RMS errors were calculated over all nucleotides in our database. Error calculations were carried out in the log domain and the ground truth values were the log reactivities. See Methods for RMS calculation details. The prior used in the KF was biased by adding the offset μoffset = 3 to the ideal prior mean. As the standard deviation of the prior, σm,0, was increased, the filters performance improved, despite the mean offset. On the other hand, when standard deviation was close to 0, the filter is influenced by a narrow, biased prior and produced poor results.
Fig 8.
Kalman filtering results using an accurate (unbiased) prior performs comparable to log-averaging when the uncertainty is increased.
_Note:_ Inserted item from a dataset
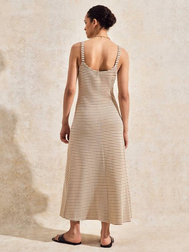 Это макси-платье от Ro&Zo простого А-силуэта выполнено из дышащей хлопковой смеси. Изящный вырез в форме сердечка и бретели подчеркивают фигуру лаконичным узором в полоску.

RMS errors were calculated over all nucleotides in our database. Error calculations were carried out in the log domain and the ground truth values were the log reactivity. See Methods for RMS calculation details. The prior mean was fixed to the ideal value. Its standard deviation, σm,0, was then increased. As the standard deviation increased, the more comparable the Kalman filtering’s performance was to log-averaging.
Fig 9.
RNAstructure results for profiles calculated using different processing methods.
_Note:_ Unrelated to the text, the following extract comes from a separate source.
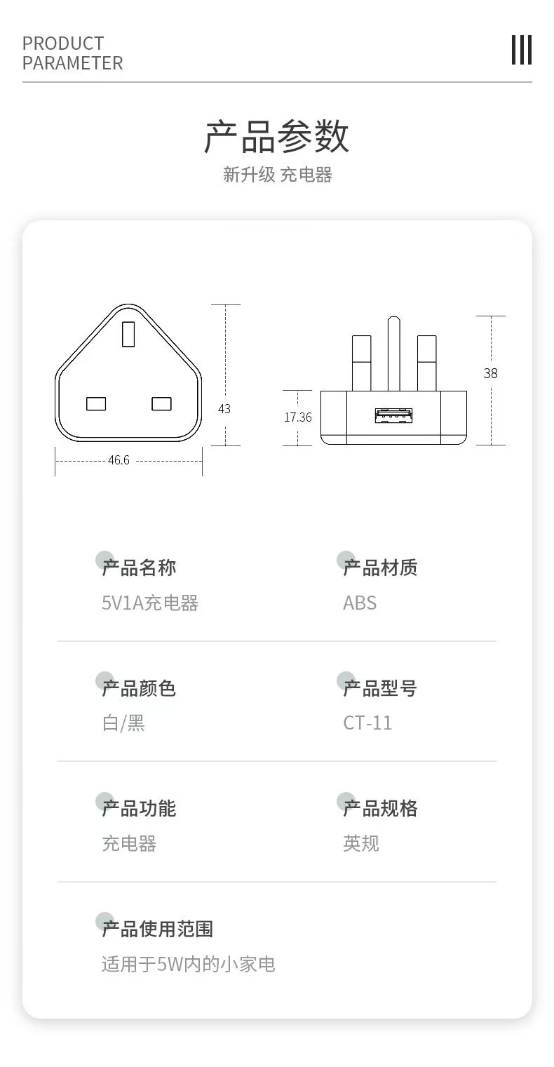 5V1A英规适配器充电器电子产品3c数码充电头usb口插座手机充电器

3 replicates simulated at (a) low (b) medium and (c) high noise regimes. MCC differences are plotted compared to the baseline calculated in SET0. An MCC difference of 0 indicates that when the processed profile was used as input to the RNAstructure software, the resulting predicted structure had the same accuracy as the one predicted using the ground truth profile as input. A positive MCC difference indicate that when the processed profile was input to to the RNAstructure software, the resulting predicted structure was less accurate than the one predicted using the ground truth profile as input. Note that the scale of the MCC differences vary between noise regimes. RNAs are ordered by length. See Table 1 of Methods for corresponding sequence names and lengths. Error bars represents standard errors over 10 repeated runs of replicate simulations.
Fig 10.
Comparison of mean-dependence in the standard deviation of (a) real and (b) simulated SHAPE measurements.
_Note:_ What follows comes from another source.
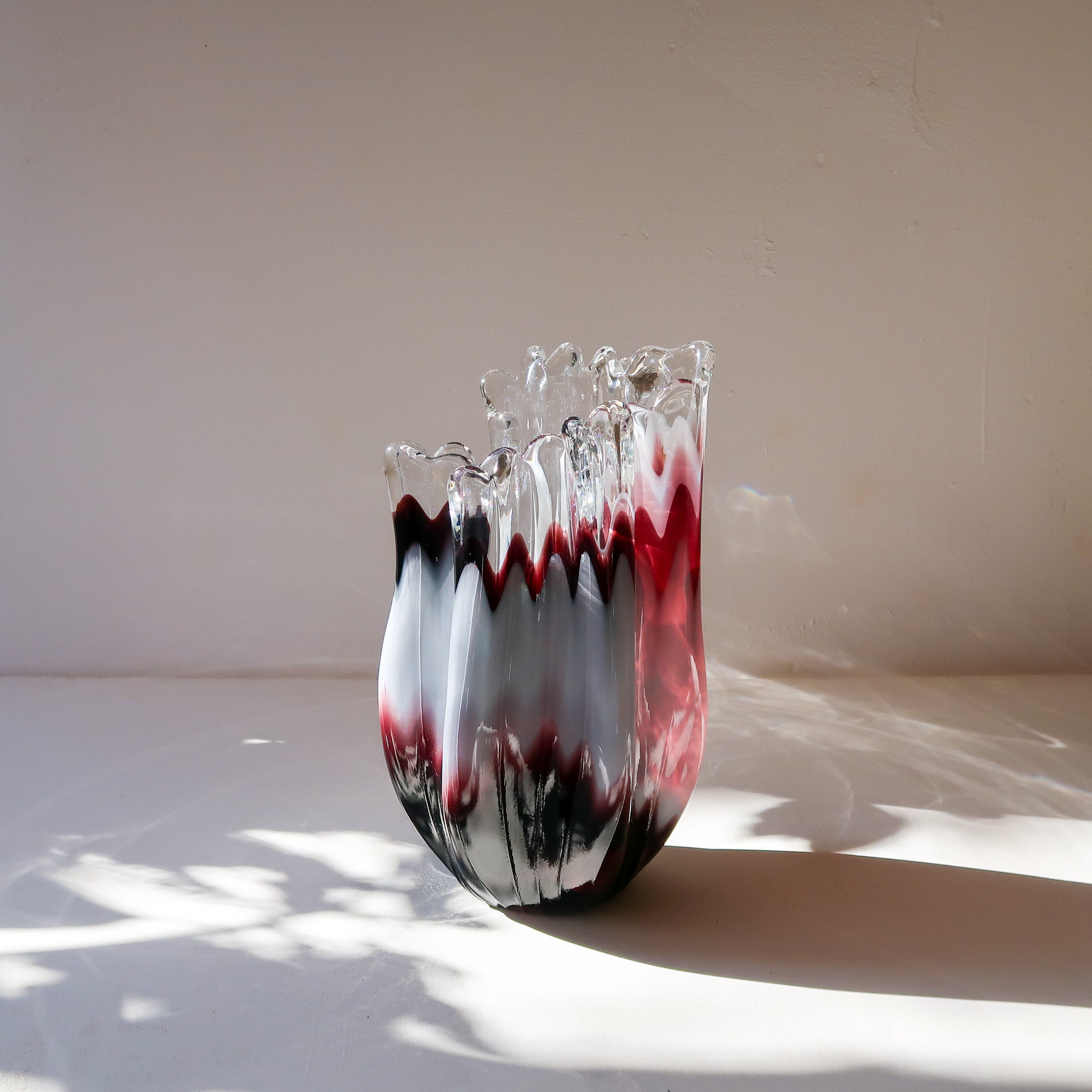 ギザギザもようの深い紫が、光に当たると明るい紫になって綺麗。深い紫によって、クリアなフリルより透明に見えてくる、モダンな花瓶です。

For each nucleotide, the mean value of the 5 measurements (real and simulated) were calculated and plotted against their standard deviation on a log-log plot. A linear fit is overlaid in red for each. The left panel is a recreation of Fig 1 for comparison. The right panel consists of data coming from simulated replicates for the same RNA. The ground truth reactivity used the in replicate simulation was the average measurement per nucleotide coming from the real replicates. For the simulated replicates, noise levels were between σmin = 0 and σmax = 1.5. Note that negative reactivity values in the real data are not included as they are incompatible with the log-log plot.